Exercise: Without the pictures, reproduce the records that follow exactly.

Data provided:
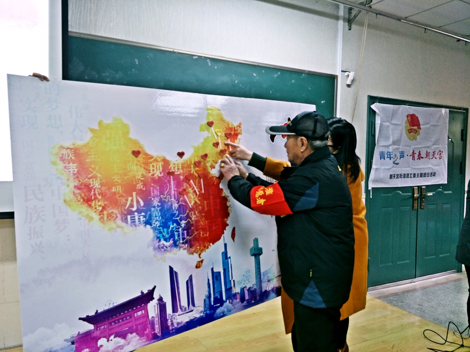 活动接近尾声时,主持人号召大家在爱心折纸上写下自己的梦想与寄语,并将其贴在梦想板的中国地图上,五颜六色的折纸承载着学生多彩的梦想和长辈们对于后辈的美好祝愿,相信这些单纯而真挚的愿景会汇聚成更美丽的中国梦!最后,在主持人的带领下,全场人员起立并发出对革命先辈的追忆与对祖国的深切祝愿,“愿天佑中华,国泰民安!”
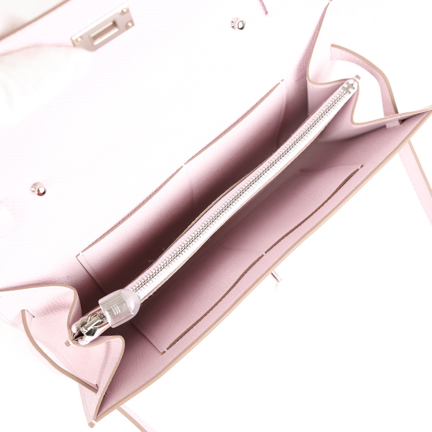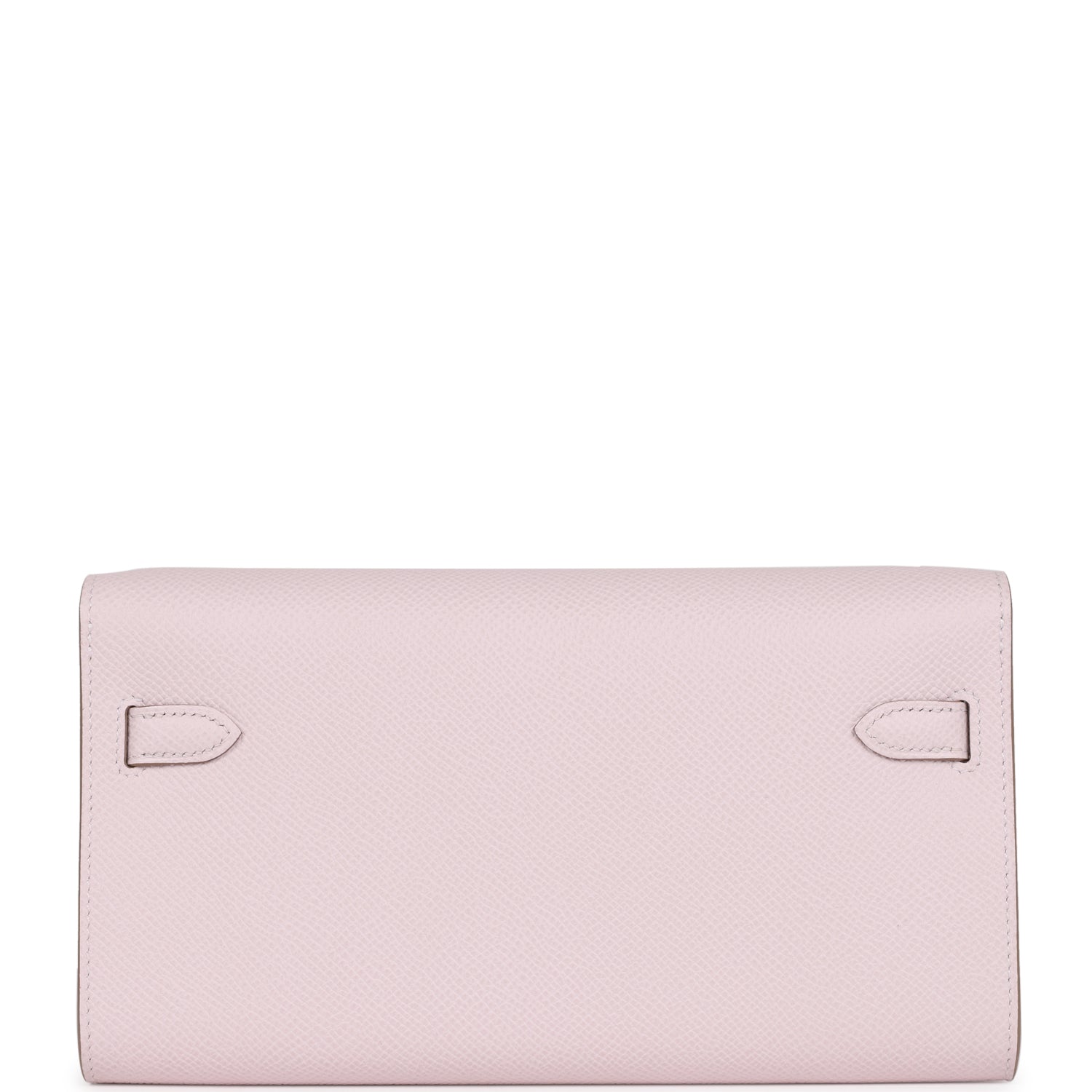 This Kelly Wallet To Go is in Mauve Pale epsom leather with palladium hardware and has tonal stitching, two straps with front toggle closure and removable crossbody strap.
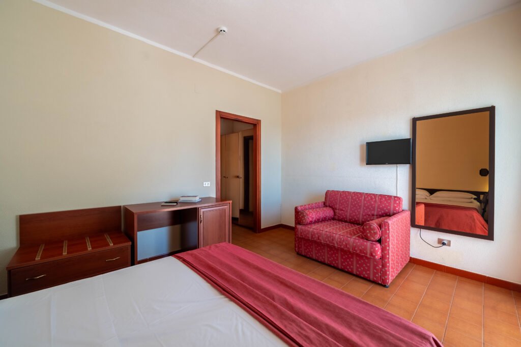 Camere situate nel corpo centra del villaggio. Composto da un letto matrimoniale e letto a castello, frigo-bar vuoto a disposizione con riempimento su richiesta a pagamento, aria condizionata, bagno con doccia esciugacapelli a muro, tv a schermo piatto, balcone.
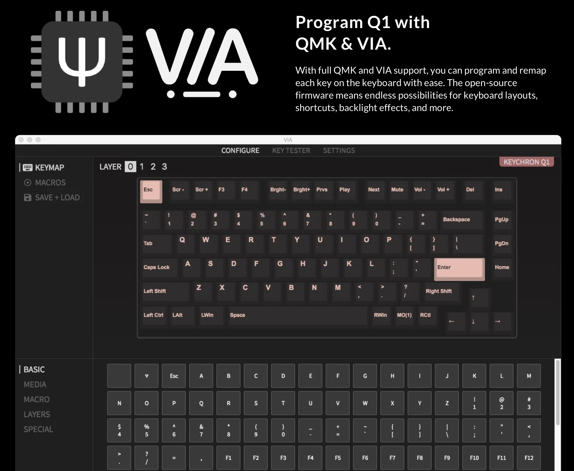 QMK/VIA 를 이용하여 키입력방식 변경과 매크로 설정이 가능하다는 설명
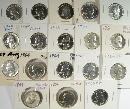 PROOF WASHINGTON QUARTERS 8- 1964, 56, 58, 59, 2-60, 61, 4-62
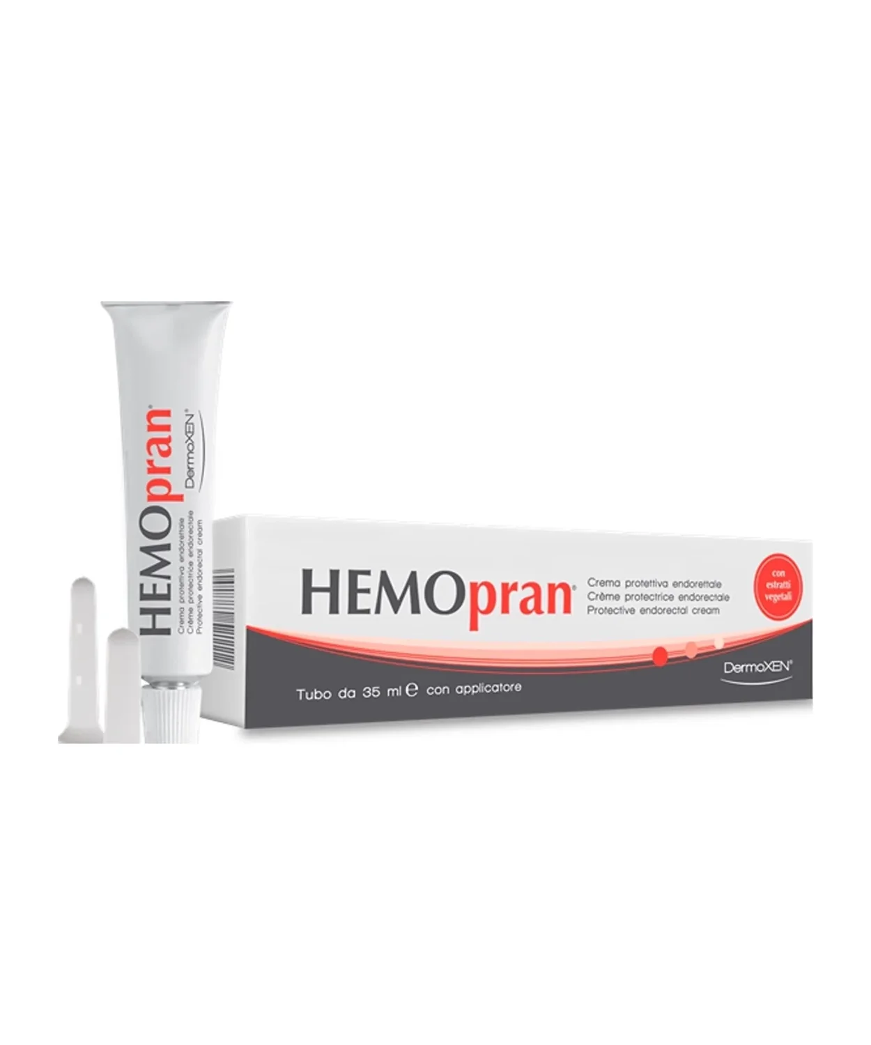 Hemopran zaščitna endorektalna krema je formulirana z glikolnimi ekstrakti divjega kostanja, nepozebnika in bodeče lobodike, z gelom aloe vere, avenantramidom biotehnološkega izvora ter z jojoba oljem. Poleg tega vsebuje: Ceteareth-20, Cetyl Esters, Phenoxyethanol, Isopropyl Myristate, Stearic Acid, C12-20 Acid PEG-8 Ester, Menthyl lactate, Carbomer, Glyceryl Stearate SE, Triethanolamine, voda.
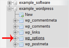 4. Select the appropriate table you want to edit. If you wish to change the blog name of WordPress, then select "wp-options".

Written answer:
 活动接近尾声时,主持人号召大家在爱心折纸上写下自己的梦想与寄语,并将其贴在梦想板的中国地图上,五颜六色的折纸承载着学生多彩的梦想和长辈们对于后辈的美好祝愿,相信这些单纯而真挚的愿景会汇聚成更美丽的中国梦!最后,在主持人的带领下,全场人员起立并发出对革命先辈的追忆与对祖国的深切祝愿,“愿天佑中华,国泰民安!”
 This Kelly Wallet To Go is in Mauve Pale epsom leather with palladium hardware and has tonal stitching, two straps with front toggle closure and removable crossbody strap.
 Camere situate nel corpo centra del villaggio. Composto da un letto matrimoniale e letto a castello, frigo-bar vuoto a disposizione con riempimento su richiesta a pagamento, aria condizionata, bagno con doccia esciugacapelli a muro, tv a schermo piatto, balcone.
 QMK/VIA 를 이용하여 키입력방식 변경과 매크로 설정이 가능하다는 설명
 PROOF WASHINGTON QUARTERS 8- 1964, 56, 58, 59, 2-60, 61, 4-62
 Hemopran zaščitna endorektalna krema je formulirana z glikolnimi ekstrakti divjega kostanja, nepozebnika in bodeče lobodike, z gelom aloe vere, avenantramidom biotehnološkega izvora ter z jojoba oljem. Poleg tega vsebuje: Ceteareth-20, Cetyl Esters, Phenoxyethanol, Isopropyl Myristate, Stearic Acid, C12-20 Acid PEG-8 Ester, Menthyl lactate, Carbomer, Glyceryl Stearate SE, Triethanolamine, voda.
 4. Select the appropriate table you want to edit. If you wish to change the blog name of WordPress, then select "wp-options".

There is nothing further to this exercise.